APELAÇÃO CÍVEL. AÇÃO MONITÓRIA. CHEQUE. SENTENÇA DE PARCIAL PROCEDÊNCIA. INSURGÊNCIA DO AUTOR. TÍTULO NOMINAL. EXIGÊNCIA DO ENDOSSO PARA A SUA TRANSMISSÃO. OBSERVÂNCIA DO ART. 8º E DO ART. 17 DA LEI N. 7.357/85. AUSÊNCIA DO ENDOSSO NA CÁRTULA. POSSÍVEL A TRANSMISSÃO DE CHEQUE NOMINAL, COM OU SEM CLÁUSULA EXPRESSA À ORDEM; TODAVIA, ESTA DEVE OCORRER MEDIANTE ENDOSSO, SEJA ELE EM BRANCO OU EM PRETO. SENTENÇA MANTIDA. "Ausente ato de transmissão da cártula para aquele que se apresenta como portador, não é possível este postular em juízo o percebimento do valor nela constante, ante a sua flagrante ilegitimidade ativa, a qual não pode ser afastada por outros meios probatórios." (TJSC. Ap. Cív. n. 0303019-18.2017.8.24.0125, de Itapema, rel. Gilberto Gomes de Oliveira, j. 3.10.2019). (...) RECURSO CONHECIDO E DESPROVIDO. (TJSC, Apelação n. 0004232-79.2010.8.24.0125, do Tribunal de Justiça de Santa Catarina, rel. Sebastião César Evangelista, Terceira Câmara de Direito Comercial, j. 18-03-2021). (grifei).
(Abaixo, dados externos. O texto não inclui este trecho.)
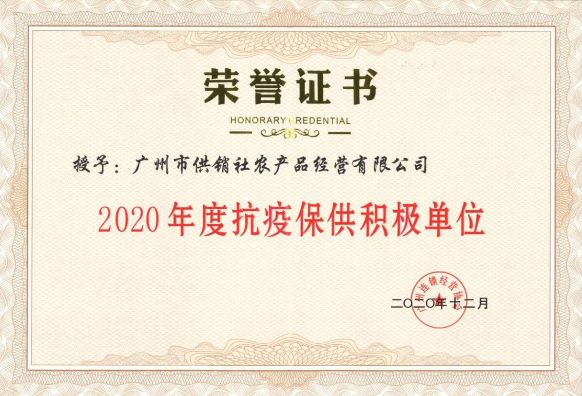 2020年12月29日下午,广州市供销社农产品经营有限公司作为会员单位出席参加了广州连锁经营协会五届四次会员大会暨庆祝协会成立25周年晚会。会上广州市供销社农产品经营有限公司荣获了“2020年度广州市优秀企业”和“2020年度抗疫保供积极单位”称号。

Assim, nega-se provimento ao recurso no ponto.
Por fim, em observância ao disposto no art. 10 do CPC, ficam as partes cientes que a oposição de embargos de declaração que se revelarem manifestamente protelatórios, bem como a interposição de agravo interno manifestamente inadmissível ou improcedente em votação unânime, estarão sujeitos às penalidades previstas no art. 1.026, §2º e 1.021, §4º, do CPC, respectivamente.
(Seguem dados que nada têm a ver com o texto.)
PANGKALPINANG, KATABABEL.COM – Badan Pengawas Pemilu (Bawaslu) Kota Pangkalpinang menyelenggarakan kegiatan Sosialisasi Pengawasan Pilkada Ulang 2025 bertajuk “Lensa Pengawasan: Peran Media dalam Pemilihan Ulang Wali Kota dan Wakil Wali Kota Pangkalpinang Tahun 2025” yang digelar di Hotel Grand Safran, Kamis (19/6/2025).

Honorários curador especial
Ademais, necessária a fixação de honorários advocatícios em favor da curadora especial da parte apelada, pela apresentação de contrarrazões (evento 113, CONTRAZ1), conforme Resolução CM n. 9 de 13 de junho de 2022.
Dessarte, fixo honorários à defensora dativa que atuou em grau recursal no valor de R$ 409,11 — valor mínimo da referida tabela —, tendo em vista a baixa complexidade do trabalho, a natureza da causa, os atos praticados, o lugar da prestação do serviço e o pouco tempo de tramitação do processo, nos termos do art. 85, § 2º, do CPC.
Dispositivo
Ante o exposto, voto no sentido de conhecer do recurso e negar-lhe provimento, majorando os honorários sucumbenciais devidos ao causídico da parte apelada em 2% (dois por cento) sobre o valor atualizado da causa, ex vi do art. 85, § 11, do CPC/15, cuja exigibilidade, contudo, fica suspensa em face do deferimento da justiça gratuita, conforme art. 98, § 3º do CPC. Arbitro, ademais, honorários advocatícios ao defensor dativo, pela sua atuação em grau recursal, no valor de R$ 409,11, conforme Resolução CM n. 9/2022.